CCS cliffs explained: why costs can jump
Why some changes lead to large increases in out-of-pocket child care costs
When families talk about “CCS cliffs”, they are usually not talking about a single 1 percentage point change in their Child Care Subsidy (CCS) rate.
They are describing situations where their out-of-pocket child care costs increase noticeably, even though their income or circumstances only changed a little.
This happens because multiple CCS rules can apply at the same time. Individually, each rule is modest. When combined, they can produce large changes in out-of-pocket costs.
This guide explains:
- where those points occur
- why they feel abrupt
- how income, age, and adjusted taxable income interact
- when repayments can happen — and when they don’t
First, an important myth to clear up
There is no special income threshold where the maximum CCS rate ends just because a child is under 5.
- The maximum CCS rate (90%) applies up to the same income level for all families
- For the 2025–26 financial year, that level is $85,279 combined adjusted taxable income (ATI)
- Once income rises above this point, CCS begins to reduce
A child’s age does not change where the maximum CCS rate cuts out.
This misunderstanding is common and contributes to confusion about where CCS changes actually occur.
Where age does matter
Age matters because of a separate rule, not the income test.

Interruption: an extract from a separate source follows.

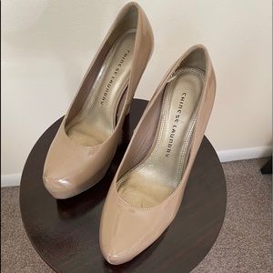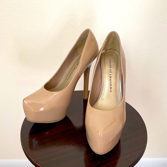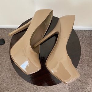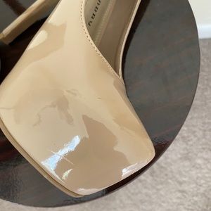 Platform heels. Patent leather. Worn once, in excellent condition. There are two tiny flaws that aren’t very noticeable. See pics.

The higher CCS rate for a second child under 6
If a family has:
- more than one child in care, and
- at least one child under 6 years of age (based on the child’s age on the day of care),
then the second and subsequent children under 6 receive a higher CCS rate.
That higher rate is:
- 95%, or
- 10 percentage points higher than the family’s standard CCS rate,
whichever is lower.
This rule operates independently of income thresholds.
The points where families experience large CCS changes
The CCS system produces a small number of points where multiple rules combine to produce large changes in out-of-pocket costs.
Point 1: Leaving the maximum CCS rate zone (around $85,000)
This is the first major change many families encounter.
- Up to $85,279 (2025–26), families receive the maximum CCS rate
- Once income exceeds this level, CCS begins to reduce
Why this matters:
- Below this level, families are effectively insulated from income-based reductions
- Above it, each further increase in income reduces CCS
- Families using a lot of care often notice the effect quickly
This is often when families realise CCS does not reduce smoothly.
Point 2: Losing the higher CCS rate for a second child under 6
This is one of the largest single CCS changes, and it is not related to income.
It occurs when:
- a child turns 6, or
- the family no longer has more than one child under 6 in care
What changes:
- The higher CCS rate for that child stops
- That child’s CCS rate reverts to the standard CCS rate
This can be up to a 10 percentage point reduction for one child, applied immediately to all eligible care hours.
Do families have to pay CCS back when a child turns 6?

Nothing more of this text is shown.